■ Exercise
Please give back the listing below word for word and drop any images.

■ Source data
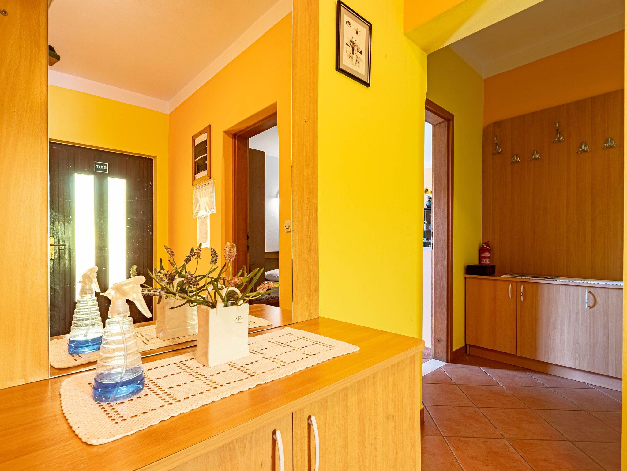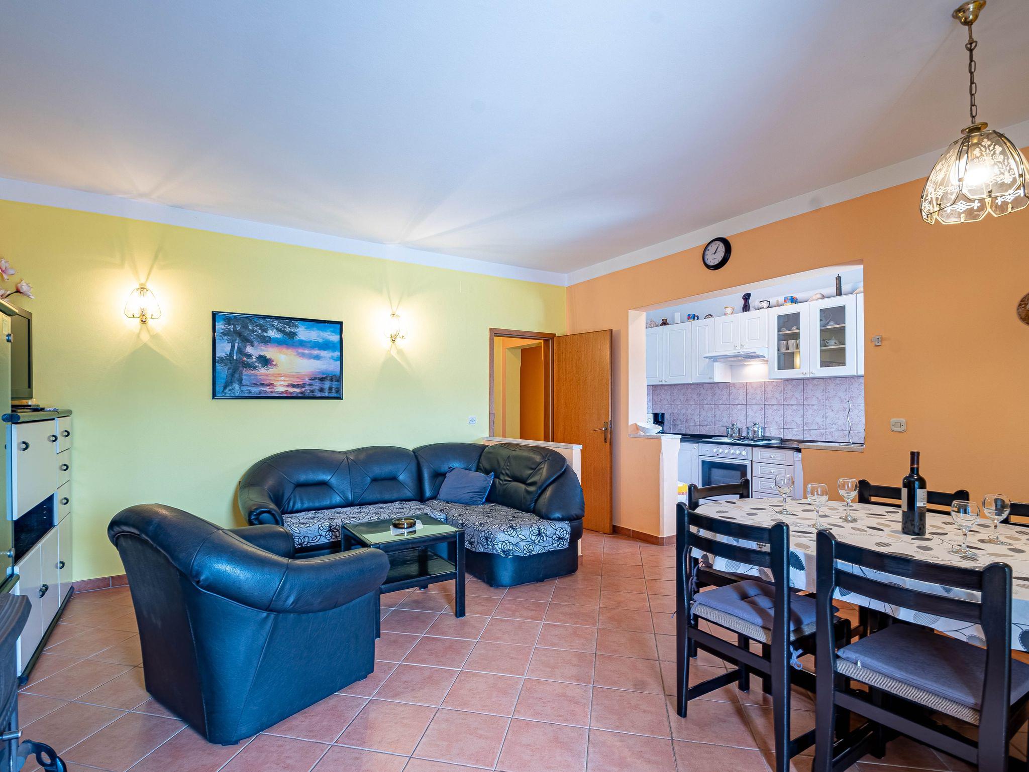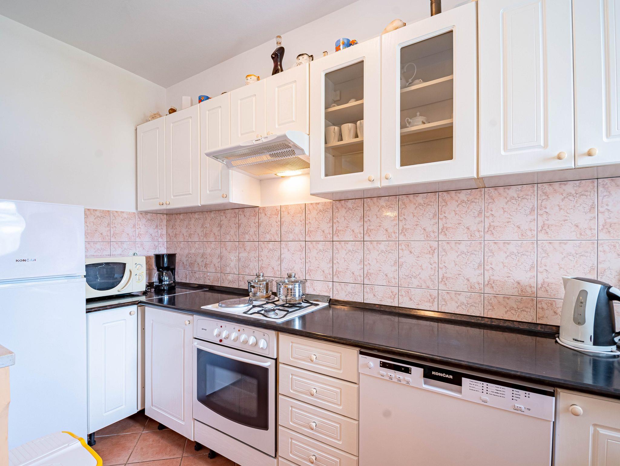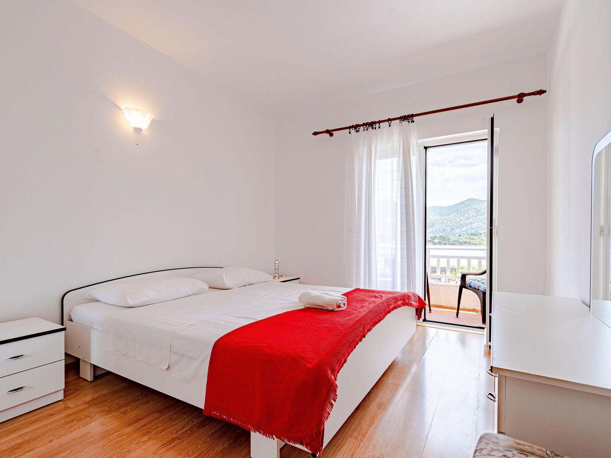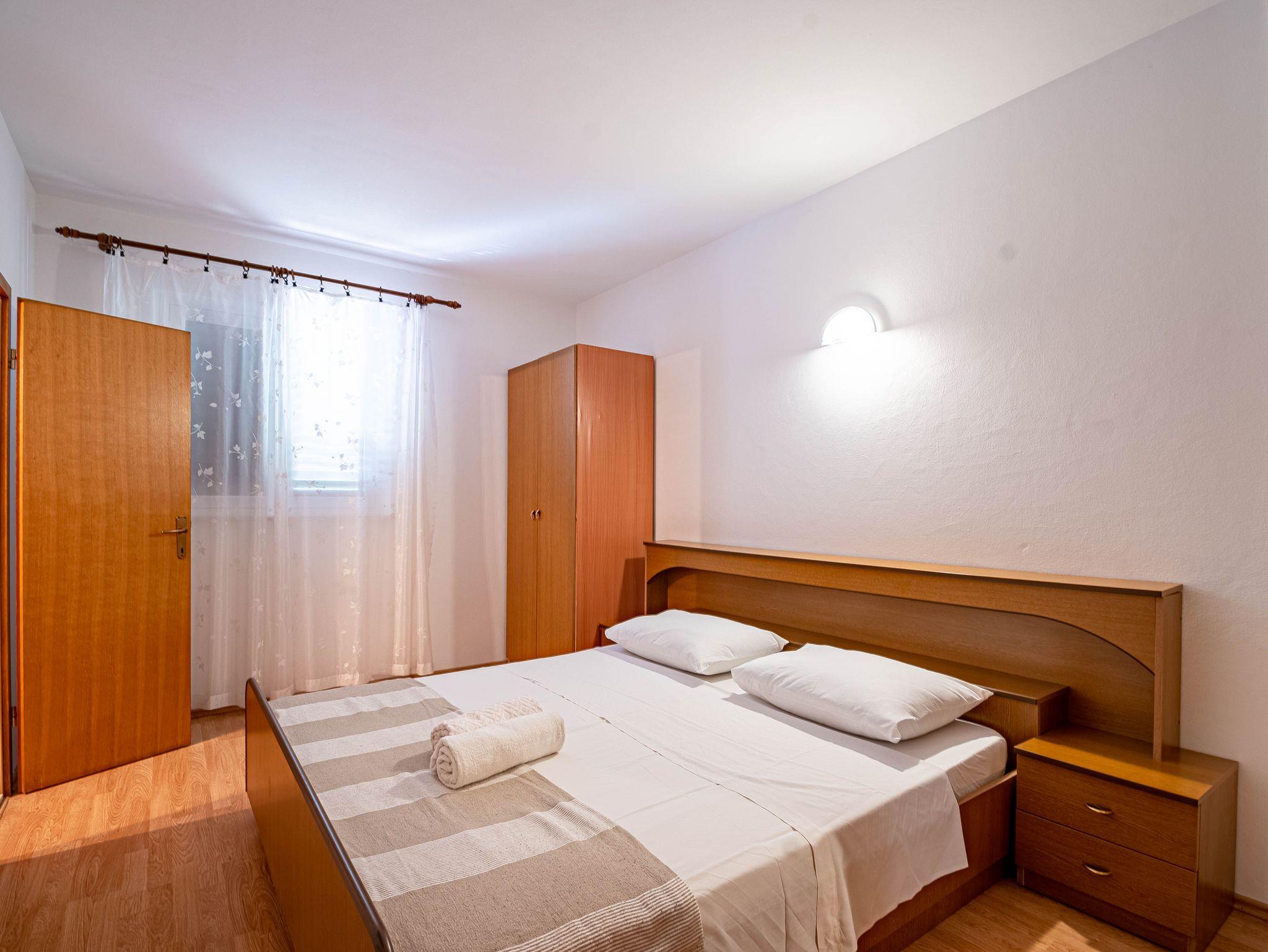 Ferienwohnung bietet Platz für 6 Gäste. Die Betten sind in Schlafzimmern, die es 3 gibt, innerhalb einer Gesamtfläche von 79m2, angeordnet. Die Gäste haben eine eigene Terrasse zur Verfügung, auf der sie in warmen Sommernächten genießen können. Das Apartment bietet Meerblick. Es ist erlaubt, Speisen auf dem Gemeinschafts-Grill vorzubereiten. IM PREIS INBEGRIFFEN: Kurtaxe, Endreinigung, Klimatisierung, Parkplatz, Internet, Wäschewaschen, Kinderbett, Bügeleisen, Bügelbrett, Föhn, Liegestühle. VERBINDLICHE ZUSÄTZLICHE KOSTEN: Aufzahlung für Kurzaufenthalte (prozentualer Zuschlag pro Nächtigungsanzahl: 30% - 1, 20% - 2, 10% - 3). Die Verfügbarkeit zusätzlicher Dienstleistungen in Ihrem reservierten Termin und die Preise derselben (falls nicht aufgeführt) müssen im Voraus überprüft werden. Zusätzliche Dienstleistungen die in der Zahlungsaufforderung nicht aufgeführt sind werden direkt beim Vermieter bezahlt, angenommen der Gast nutzt auch diese. Ermäßigung auf den Grundpreis: Gratistag 14=13 (bei einem Aufenthalt von 14 Tagen oder mehr erhalten Sie einen Gratistag für den Aufenthalt bis 31.12.26).
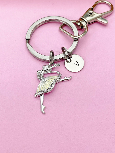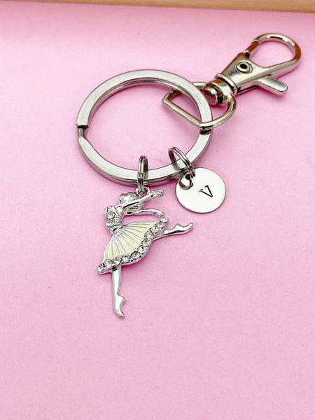 This is a silver-tone ballet charm with hand stamped initial charm on keyring.
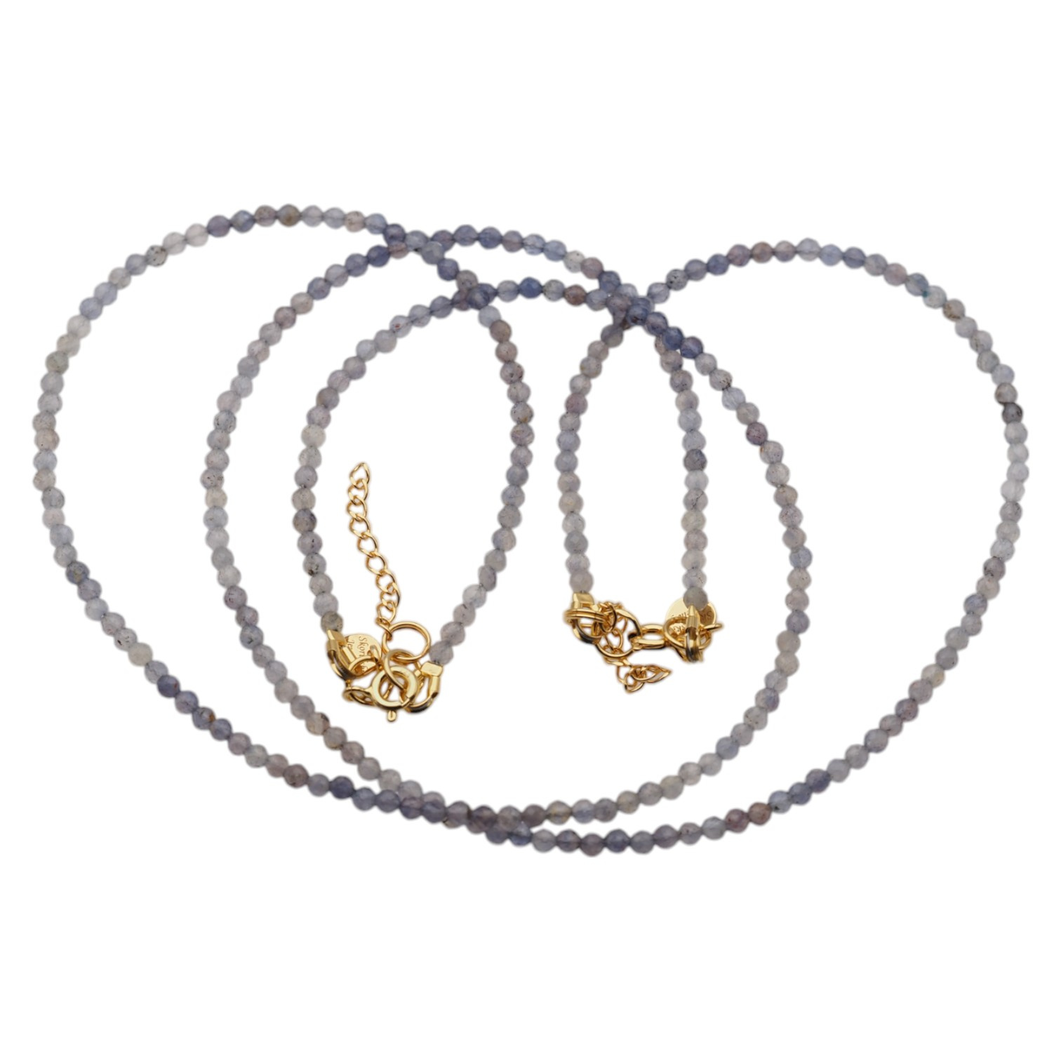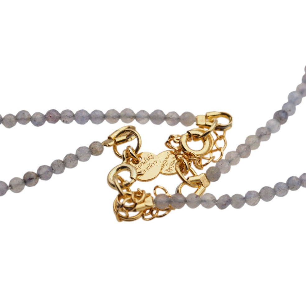Naszyjnik z fasetowanym Iolitem i srebrem złoconym został wykonany ręcznie na lince stalowej.
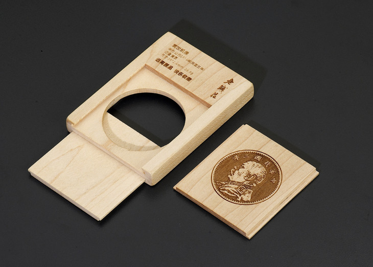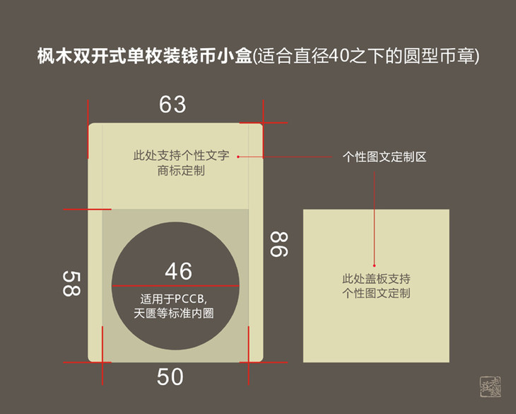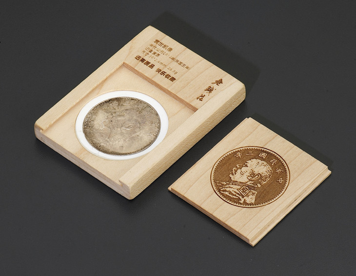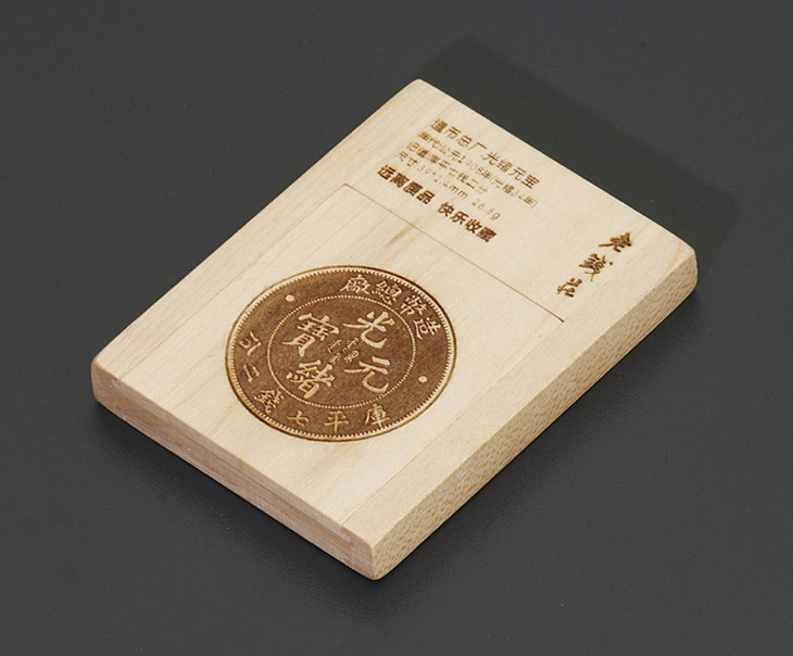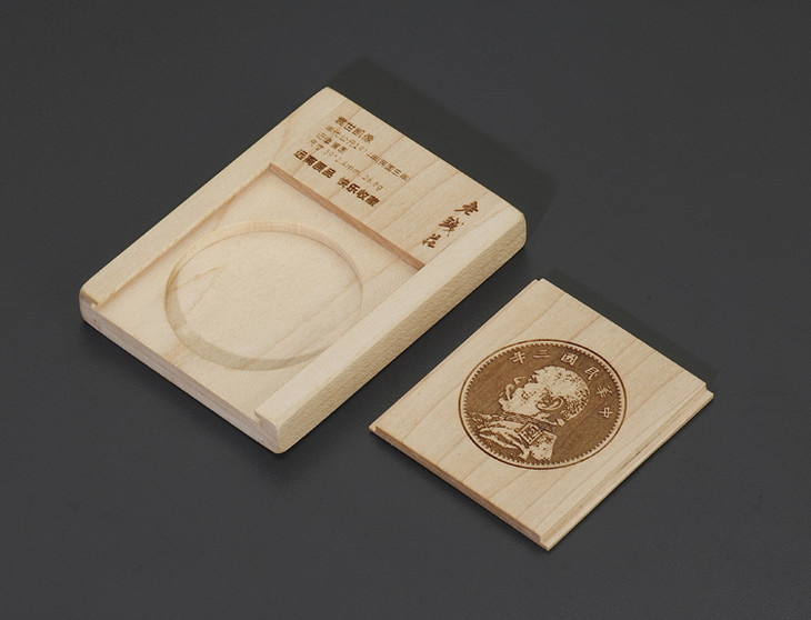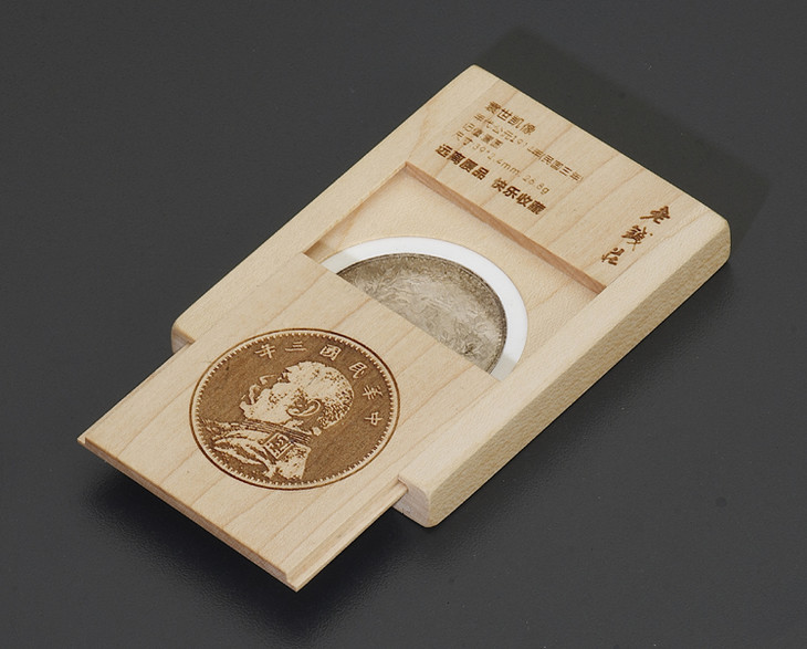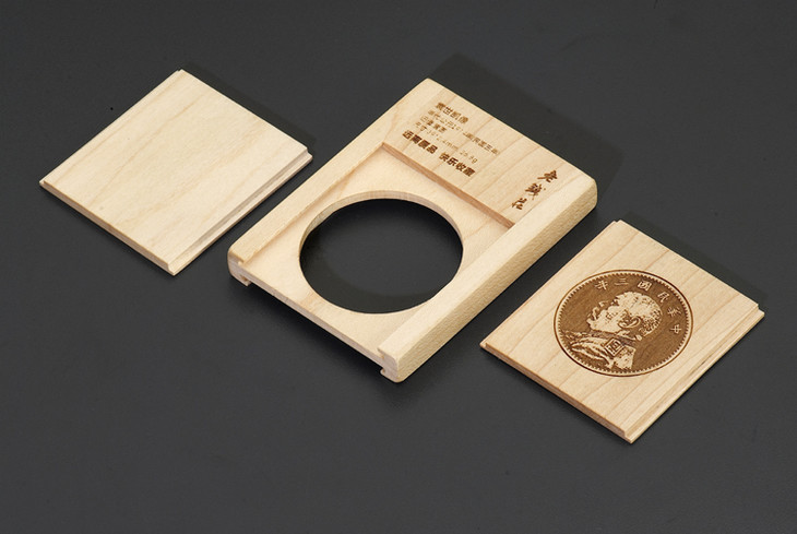 采用加拿木枫木精工制作,整体纯手工打腊(可自行深加工,抛光或多层上腊),以防变型开裂,盒盖松紧适合(若有个别因干湿度原因出现变型而影响抽拉不畅,可自行用美工刀刮薄盖板侧面,打磨光滑直到合畅即可),盒体长:86mm*宽65mm*厚11mm,内槽孔径46.5mm,可用市场上常见的标准52mm圆盒的各种软胶,泡板内圈,适用于直径40mm之下的各种币章,盒面刻有钱币图文(大清宣三,北洋34年,大头三年,八年,九年,十年,船洋22年,23年,孙像开国,湖北光绪,宣统,江南甲辰,造总等多款钱币图案自选),盒盖双面可开启,不用将币拿出木盒便能直观鉴赏钱币两面,钱盒小巧素雅,外出携带或上手把玩相当不错.

■ Solution to this task
 Ferienwohnung bietet Platz für 6 Gäste. Die Betten sind in Schlafzimmern, die es 3 gibt, innerhalb einer Gesamtfläche von 79m2, angeordnet. Die Gäste haben eine eigene Terrasse zur Verfügung, auf der sie in warmen Sommernächten genießen können. Das Apartment bietet Meerblick. Es ist erlaubt, Speisen auf dem Gemeinschafts-Grill vorzubereiten. IM PREIS INBEGRIFFEN: Kurtaxe, Endreinigung, Klimatisierung, Parkplatz, Internet, Wäschewaschen, Kinderbett, Bügeleisen, Bügelbrett, Föhn, Liegestühle. VERBINDLICHE ZUSÄTZLICHE KOSTEN: Aufzahlung für Kurzaufenthalte (prozentualer Zuschlag pro Nächtigungsanzahl: 30% - 1, 20% - 2, 10% - 3). Die Verfügbarkeit zusätzlicher Dienstleistungen in Ihrem reservierten Termin und die Preise derselben (falls nicht aufgeführt) müssen im Voraus überprüft werden. Zusätzliche Dienstleistungen die in der Zahlungsaufforderung nicht aufgeführt sind werden direkt beim Vermieter bezahlt, angenommen der Gast nutzt auch diese. Ermäßigung auf den Grundpreis: Gratistag 14=13 (bei einem Aufenthalt von 14 Tagen oder mehr erhalten Sie einen Gratistag für den Aufenthalt bis 31.12.26).
 This is a silver-tone ballet charm with hand stamped initial charm on keyring.
Naszyjnik z fasetowanym Iolitem i srebrem złoconym został wykonany ręcznie na lince stalowej.
 采用加拿木枫木精工制作,整体纯手工打腊(可自行深加工,抛光或多层上腊),以防变型开裂,盒盖松紧适合(若有个别因干湿度原因出现变型而影响抽拉不畅,可自行用美工刀刮薄盖板侧面,打磨光滑直到合畅即可),盒体长:86mm*宽65mm*厚11mm,内槽孔径46.5mm,可用市场上常见的标准52mm圆盒的各种软胶,泡板内圈,适用于直径40mm之下的各种币章,盒面刻有钱币图文(大清宣三,北洋34年,大头三年,八年,九年,十年,船洋22年,23年,孙像开国,湖北光绪,宣统,江南甲辰,造总等多款钱币图案自选),盒盖双面可开启,不用将币拿出木盒便能直观鉴赏钱币两面,钱盒小巧素雅,外出携带或上手把玩相当不错.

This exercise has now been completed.